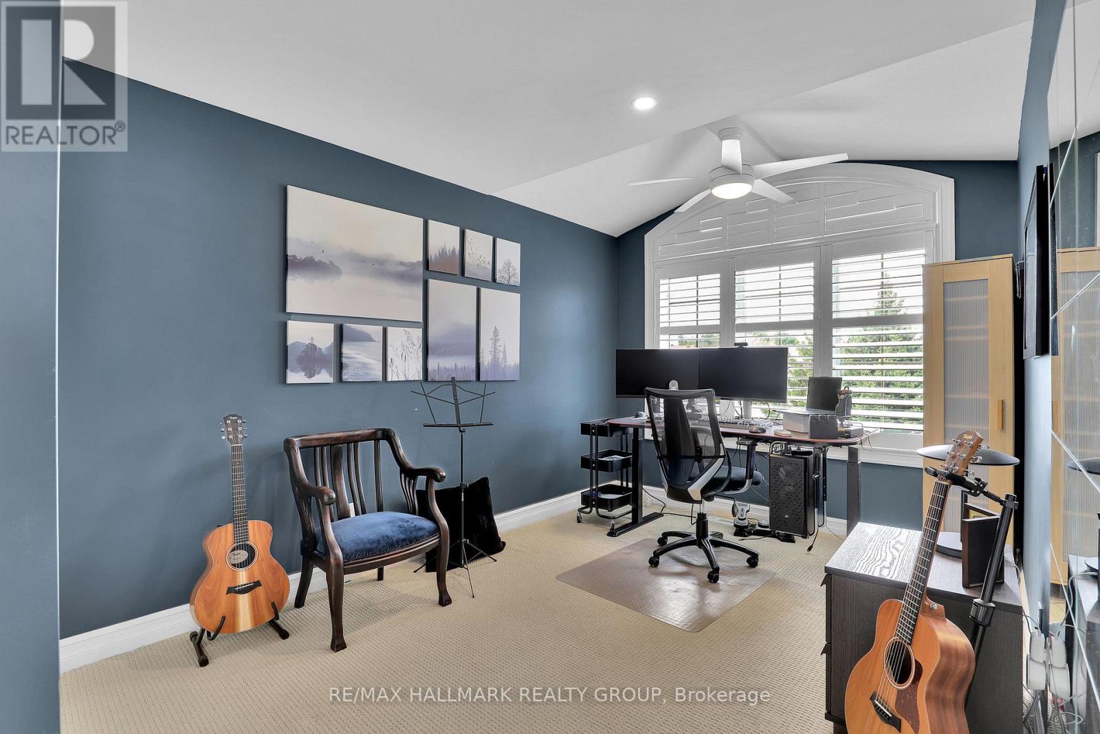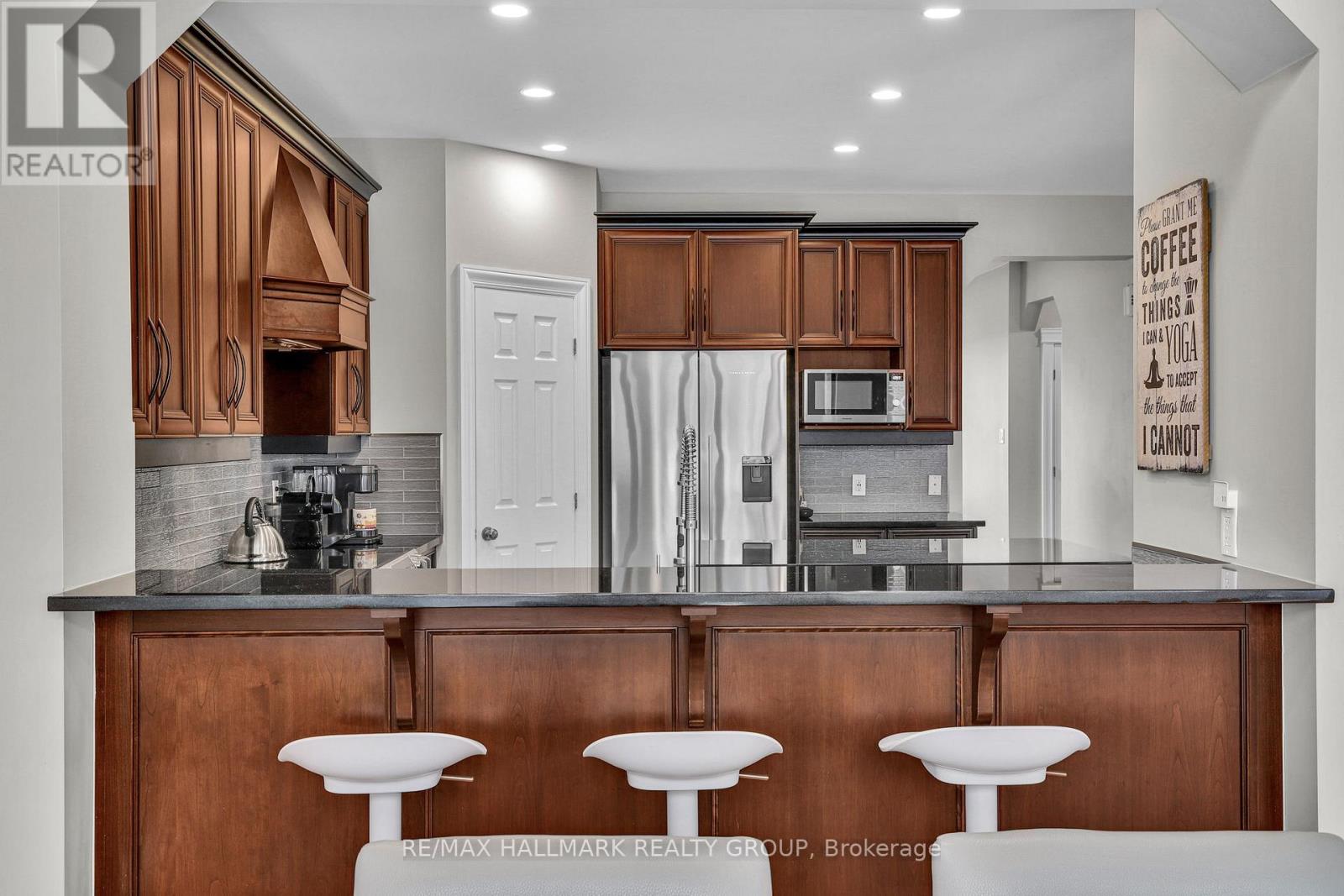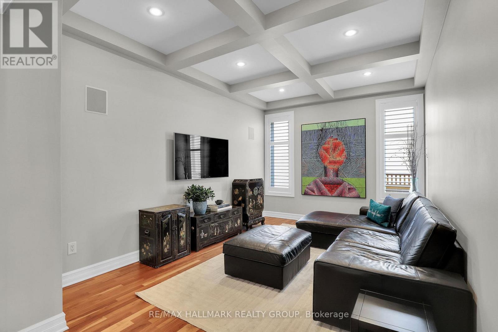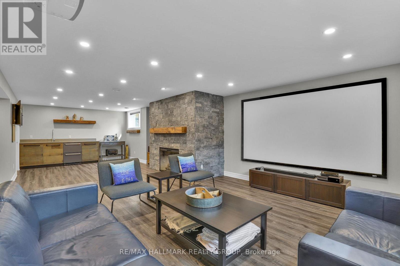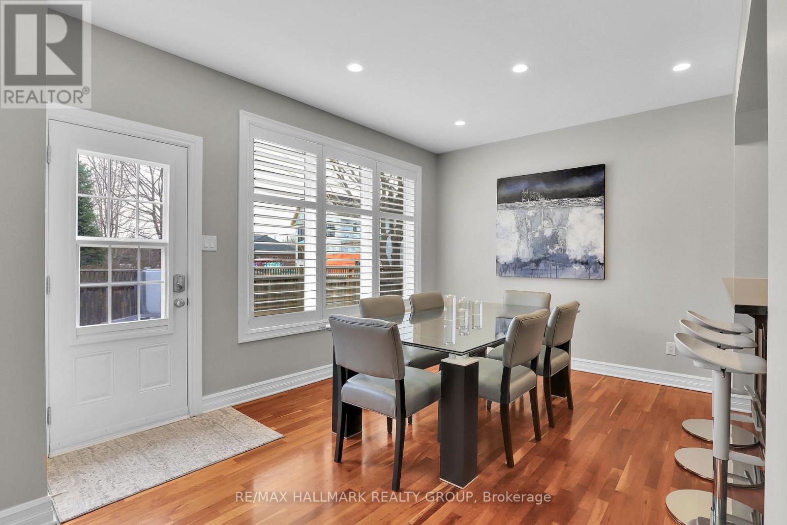 Moffat Farm offers the best of all worlds-parks, riverfront access, scenic walking paths, and effortless connectivity across Ottawa. Set on an oversized lot along a quiet, family-friendly street, this former Cardel model home blends space, natural light, and timeless design with a true lifestyle focus. The versatile main floor is thoughtfully designed for modern living, featuring a formal living room ideal as a home office, a dining space with coffered ceilings (currently styled as a den), and a warm, open family room anchored by a gas fireplace. The spacious kitchen is both functional and inviting-offering ample prep space for everyday living or entertaining-paired with a bright breakfast area overlooking the backyard. California shutters throughout add a refined, cohesive finish. A striking custom circular staircase leads to the upper level, where an impressive front-facing bonus room adds flexibility, alongside four well-proportioned bedrooms. The primary suite is a private retreat, complete with a five-piece ensuite and walk-in closet, while a second full bath with double sinks and convenient second-floor laundry complete the level. The professionally finished lower level is a true extension of the home-flooded with natural light, elegant fireplace and designed for entertaining or extended living. A stylish wet bar featuring KitchenAid café fridge drawers anchors the space, ideal for hosting, movie nights, or relaxed evenings. The lower level also offers a dedicated bedroom area and a full three-piece bath with heated floors, creating a comfortable and functional space for guests. Thoughtful exterior upgrades further enhance everyday living and include fully fenced yard, interlock stone front and back has lawn irrigation system. A rare opportunity to enjoy space, comfort, and lifestyle in one of Ottawa's most desirable communities. (id:44758)
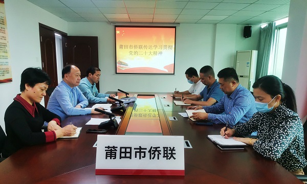 10月28日,莆田市侨联召开全体干部会议,传达学习贯彻党的二十大精神,省委常委会(扩大)会议、市委常委会(扩大)会议精神,研究市侨联学习宣传贯彻党的二十大精神的初步意见。市侨联主席陈锦堂主持会议并讲话。
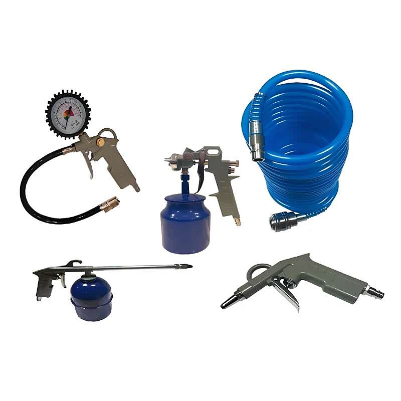 Набор для компрессора HAC 5 SET – это оборудование, которое работает от компрессора с помощью энергии сжатого воздуха. У пневмоинструмента производительность больше, чем у электрического оборудования. Отлично подходит ко всем компрессорам HYUNDAI.
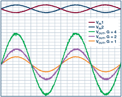 圖2顯示的是施加差分輸入電壓和電路增益變動的情況。RF值可設(shè)置系統(tǒng)增益?梢钥吹,這張圖顯示的是系統(tǒng)增益1、2和4,且1kHz時的差分輸入電壓為1Vp-p。
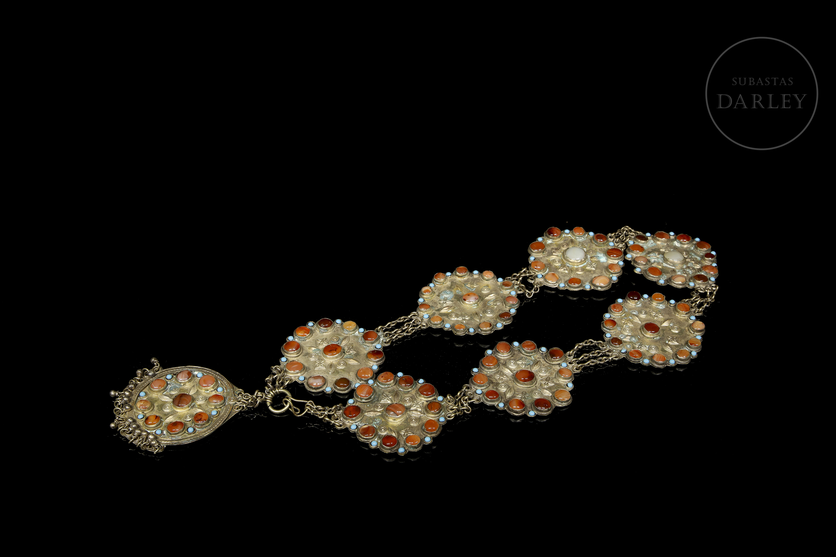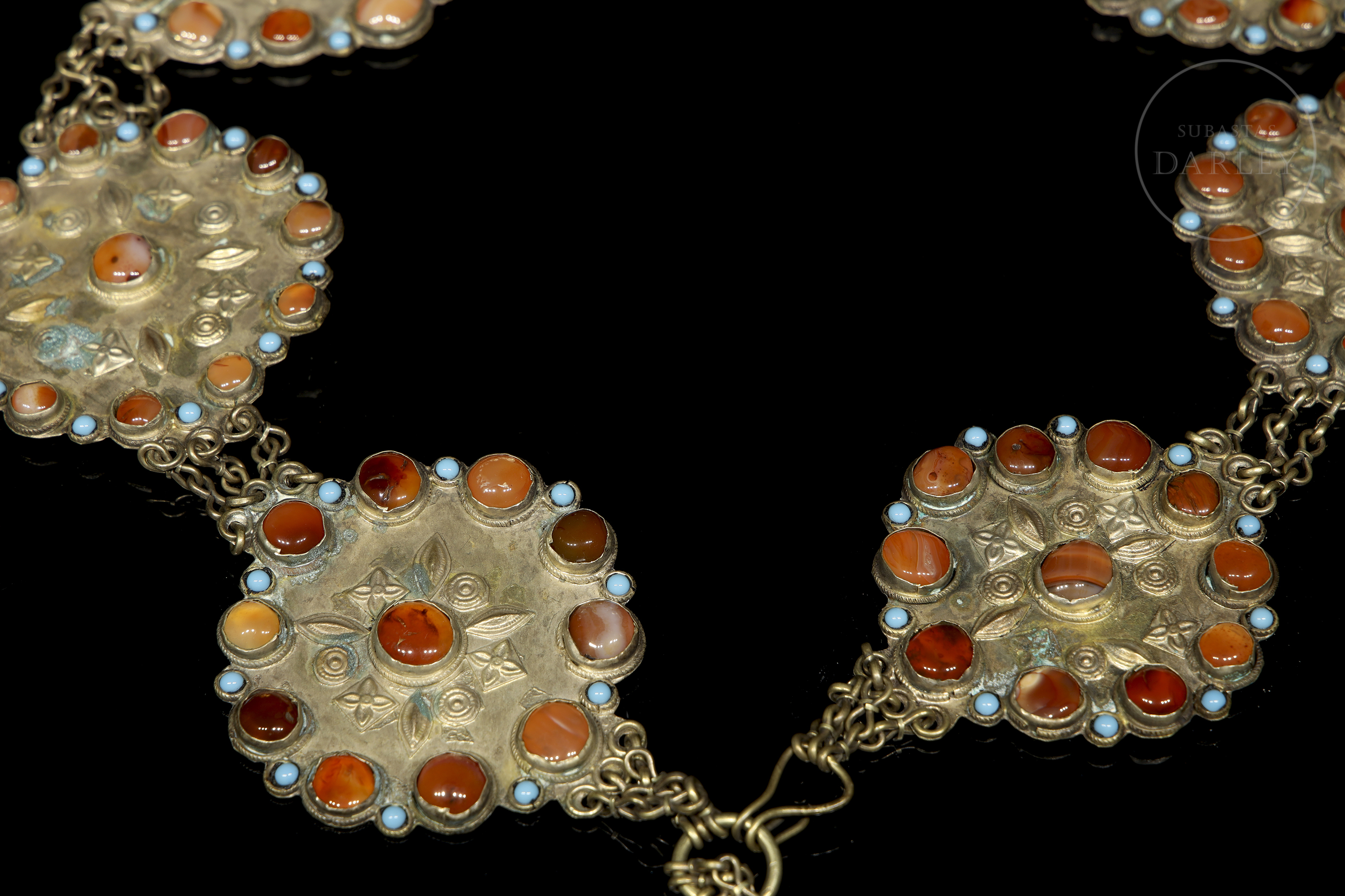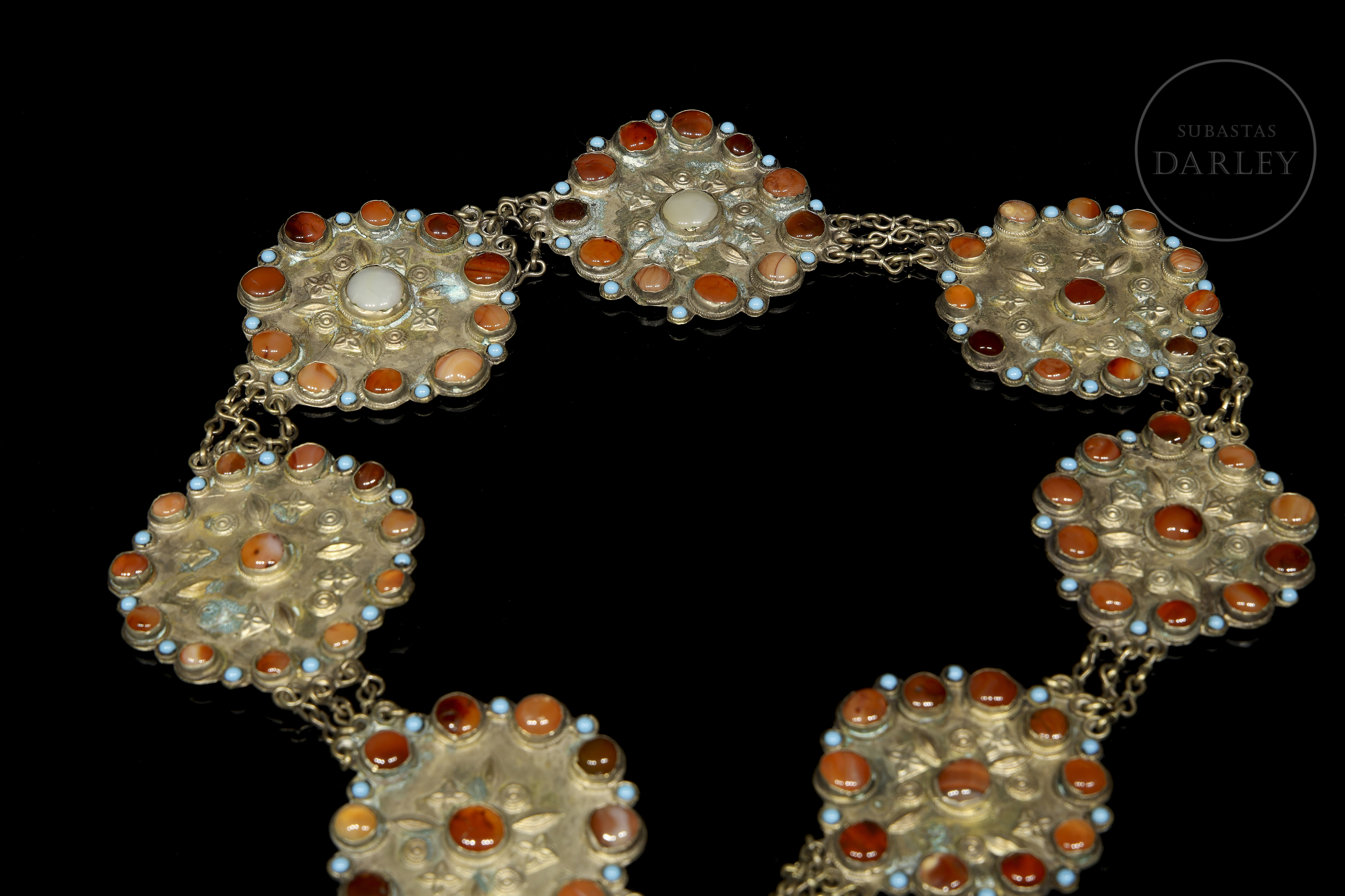 Cinturón de metal repujado, estructurado como una cadena formada por ocho placas lobuladas. Está adornado con elementos florales y geométricos repujados, que enmarcan piedras de color coral y turquesa en cabujón.
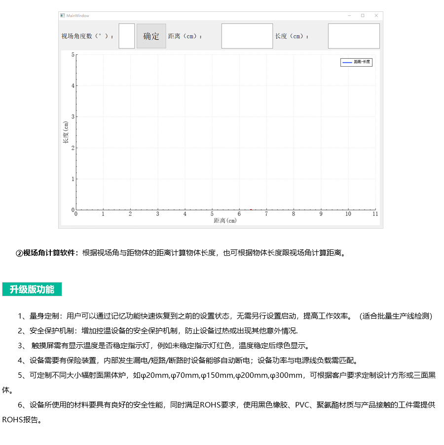 5)大面源等溫黑體輻射面,發(fā)射率可調(diào)功能(0.95-1 之間可調(diào),出廠默認(rèn)發(fā)射率 0.95)。

Your task:
Please copy the lines exactly, beginning at the one containing "圖2顯示的是施加差分輸入電壓" and ending at the last line of the records above, both included, with the pictures left out.

Response:
 圖2顯示的是施加差分輸入電壓和電路增益變動的情況。RF值可設(shè)置系統(tǒng)增益?梢钥吹,這張圖顯示的是系統(tǒng)增益1、2和4,且1kHz時的差分輸入電壓為1Vp-p。
 Cinturón de metal repujado, estructurado como una cadena formada por ocho placas lobuladas. Está adornado con elementos florales y geométricos repujados, que enmarcan piedras de color coral y turquesa en cabujón.
 5)大面源等溫黑體輻射面,發(fā)射率可調(diào)功能(0.95-1 之間可調(diào),出廠默認(rèn)發(fā)射率 0.95)。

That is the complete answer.